==== THE DATA ====
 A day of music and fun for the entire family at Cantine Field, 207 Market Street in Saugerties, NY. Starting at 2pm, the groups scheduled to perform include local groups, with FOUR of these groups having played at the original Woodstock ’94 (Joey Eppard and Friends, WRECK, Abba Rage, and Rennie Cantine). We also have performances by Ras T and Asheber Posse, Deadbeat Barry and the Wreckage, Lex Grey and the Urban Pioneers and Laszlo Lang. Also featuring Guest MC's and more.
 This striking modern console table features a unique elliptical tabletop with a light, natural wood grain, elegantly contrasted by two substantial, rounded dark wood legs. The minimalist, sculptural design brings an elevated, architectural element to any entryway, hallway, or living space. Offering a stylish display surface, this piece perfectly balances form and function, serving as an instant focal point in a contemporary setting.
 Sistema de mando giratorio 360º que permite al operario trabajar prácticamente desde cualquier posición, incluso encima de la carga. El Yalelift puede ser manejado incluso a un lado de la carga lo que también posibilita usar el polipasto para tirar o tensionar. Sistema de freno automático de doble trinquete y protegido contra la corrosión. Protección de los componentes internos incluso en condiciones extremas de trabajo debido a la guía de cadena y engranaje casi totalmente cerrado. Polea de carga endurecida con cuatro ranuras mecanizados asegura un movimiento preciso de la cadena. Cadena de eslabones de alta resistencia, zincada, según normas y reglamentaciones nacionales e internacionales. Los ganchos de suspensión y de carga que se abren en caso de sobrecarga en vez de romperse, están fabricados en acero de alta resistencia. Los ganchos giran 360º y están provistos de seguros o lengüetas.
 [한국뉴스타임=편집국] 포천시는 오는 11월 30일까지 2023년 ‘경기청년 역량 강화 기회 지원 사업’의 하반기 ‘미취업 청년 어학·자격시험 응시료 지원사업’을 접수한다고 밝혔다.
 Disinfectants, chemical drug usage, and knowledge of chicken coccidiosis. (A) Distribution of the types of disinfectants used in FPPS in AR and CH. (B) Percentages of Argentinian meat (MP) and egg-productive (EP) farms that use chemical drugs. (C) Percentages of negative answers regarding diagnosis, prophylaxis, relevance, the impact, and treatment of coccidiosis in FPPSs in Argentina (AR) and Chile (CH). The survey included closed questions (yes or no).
====
==== THE DATA ====
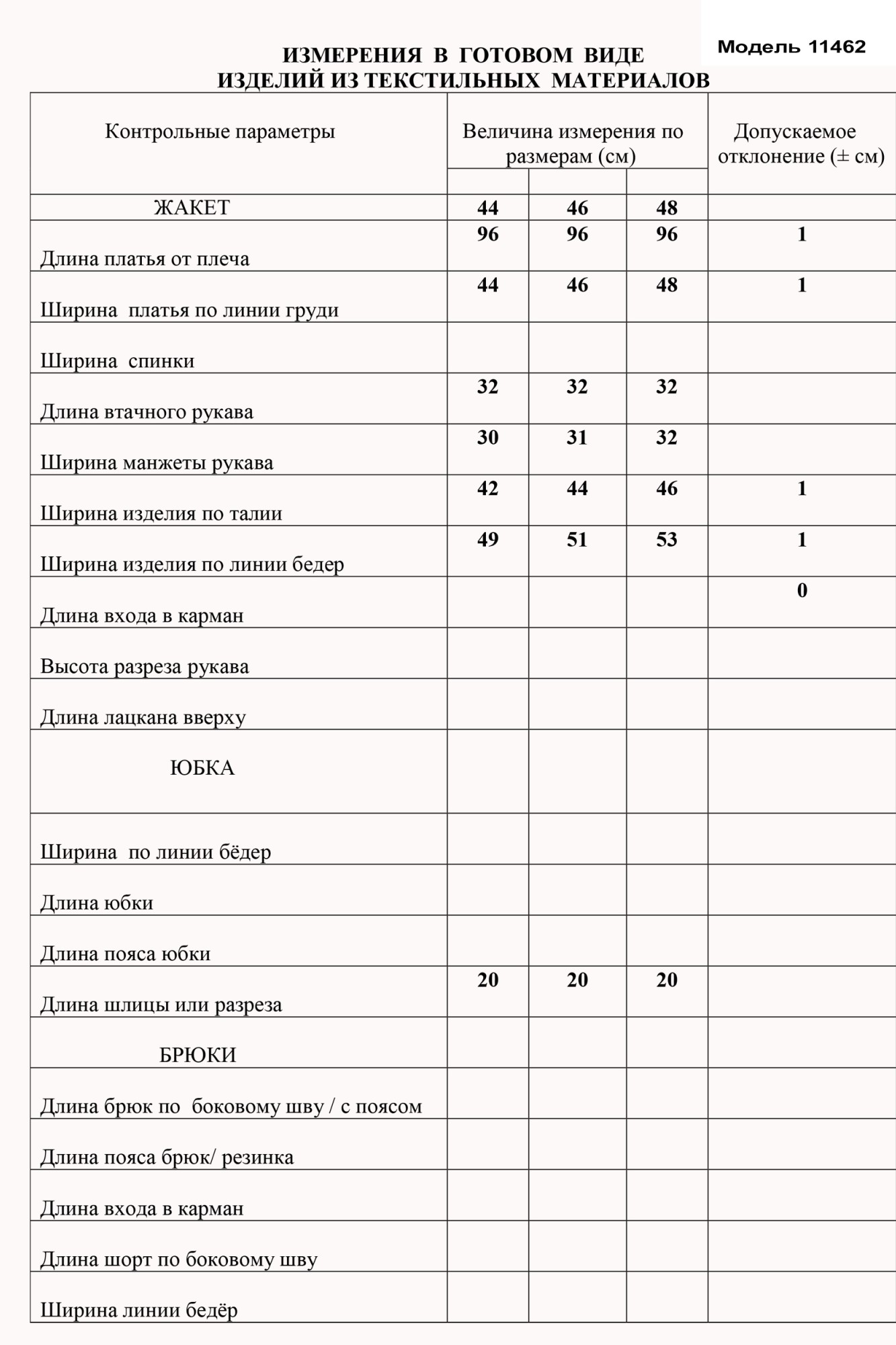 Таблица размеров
====
**EXERCISE DETAILS**: Copy every line of the data that carries the word "with".

**WRITTEN RESPONSE**:
 A day of music and fun for the entire family at Cantine Field, 207 Market Street in Saugerties, NY. Starting at 2pm, the groups scheduled to perform include local groups, with FOUR of these groups having played at the original Woodstock ’94 (Joey Eppard and Friends, WRECK, Abba Rage, and Rennie Cantine). We also have performances by Ras T and Asheber Posse, Deadbeat Barry and the Wreckage, Lex Grey and the Urban Pioneers and Laszlo Lang. Also featuring Guest MC's and more.
 This striking modern console table features a unique elliptical tabletop with a light, natural wood grain, elegantly contrasted by two substantial, rounded dark wood legs. The minimalist, sculptural design brings an elevated, architectural element to any entryway, hallway, or living space. Offering a stylish display surface, this piece perfectly balances form and function, serving as an instant focal point in a contemporary setting.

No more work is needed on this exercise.